When the sender's send buffer is full your send completions will take longer to occur, if you increment a counter when you issue an asynchronous send operation and you decrement the counter when the operation completes you can track how many operations are pending at any given time. In our diagram above the number of pending operations determines the size of the orange resource bubble.
By tracking the number of pending send operations you can decide to do something different once the number gets "too high". The Server Framework provides a TCP connection filter (see here
) which will automatically queue subsequent sends in a per connection queue inside the framework. This allows you to control the amount of non-paged pool memory that is used by restricting the number of pending send operations but still allows you to queue data to be sent. In effect you're adding another resource bubble and taking control of the size of both of the bubbles. You then use subsequent send completions to drive new asynchronous send requests which take their data from the data that you have queued for transmission and when the data queue is empty and the number of pending asynchronous send operations is below your limit the sends can send directly. This design allows you to maintain control of non-paged pool usage and allows you more flexibility over what you do when you are queueing too much data in the sending application.

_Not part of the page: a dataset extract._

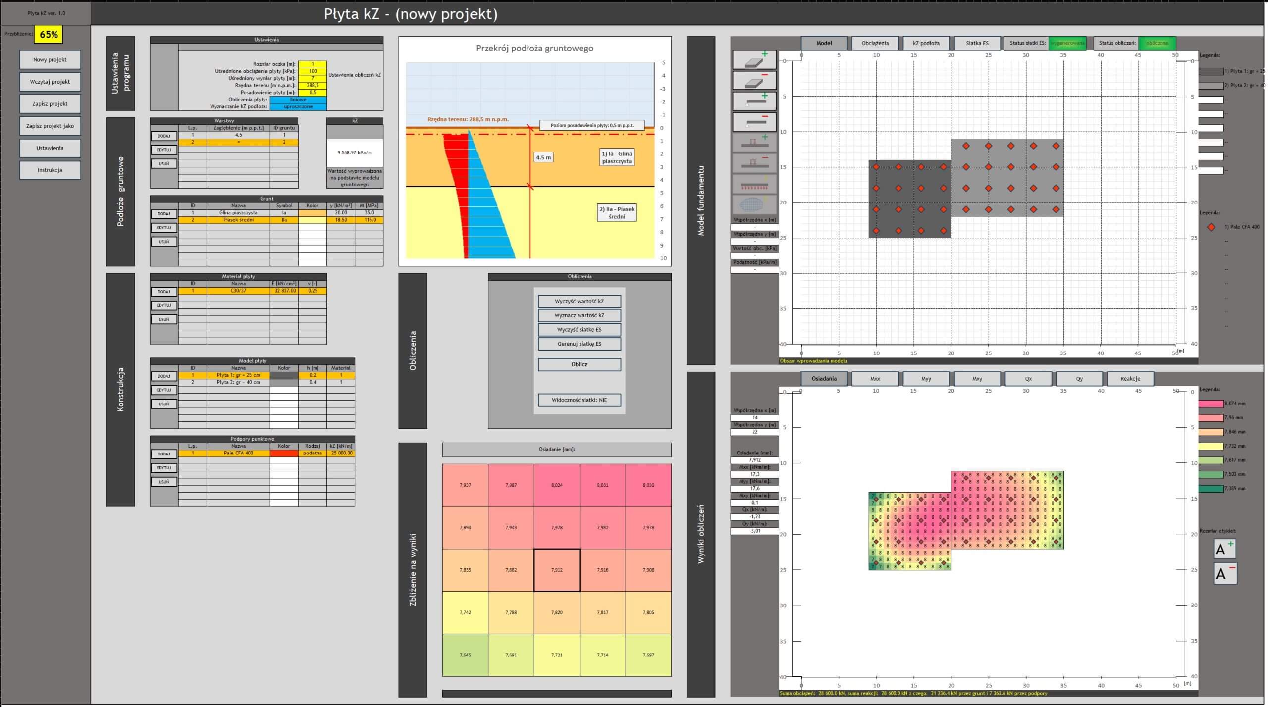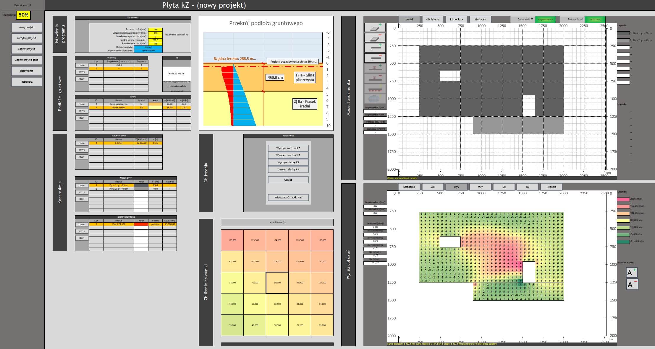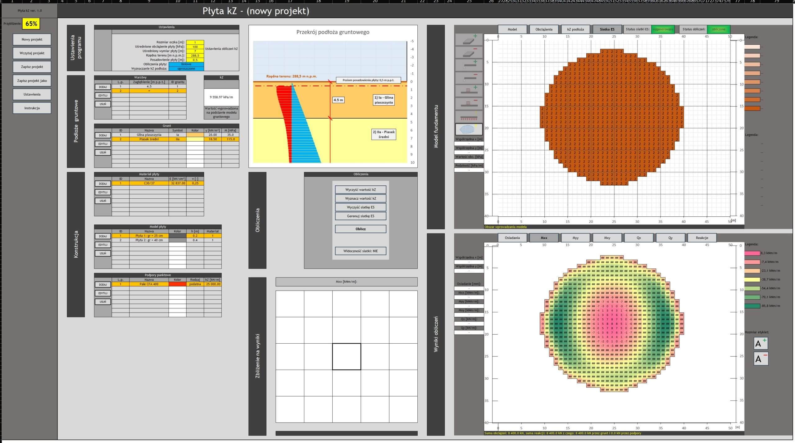 Program oparty na metodzie elementów skończonych (MES), pozwalający przeprowadzić analizę fundamentów posadowionych na podłożu sprężystym, w tym m.in. automatycznie obliczyć współczynniki podatności podłoża gruntowego kz w zależności od przyjętej geometrii i obciążeń konstrukcji. Program działa w środowisku Microsoft Excel. |

There's still a problem if the receiving application can not catch up with the amount of data that is being generated on the sender, but now you have a way to throttle the sender as you know how many send operations are outstanding and, if you're buffering outside of the Windows Overlapped I/O system as we do in The Server Framework, you can make decisions when a connection gets to a point where it has "too much" data buffered. The standard filter that The Server Framework provides allows you to easily decide to throttle the sender, drop pending data (if your application level protocol supports unreliable or optional messages) or simply abort the connection.
A similar scheme for managed code would be restricting the number of buffers that are pinned at one time and therefore limiting the damage to the garbage collector that the design of this part of the managed asynchronous networking API can cause. It's still wise to allocate all of your I/O buffers as a single contiguous block of memory and suballocate from within that to force the pinned object into the large object heap and to minimise the problems caused by pinned I/O buffers.
The main thing to realise here is that if you use ANY of the asynchronous network send APIs on Windows, managed or unmanaged, then you are handing control over the lifetime of your send buffers to the receiving application and the network. Failure to actively manage the number outstanding asynchronous send operations that you have pending at any one time means that your application could run out of memory simply because a client connects to you over a slow network. Worse than this, it means that your application could, potentially, exhaust the non-paged pool memory of the machine on which it's running and this could cause drivers to fail and the operating system to become unstable.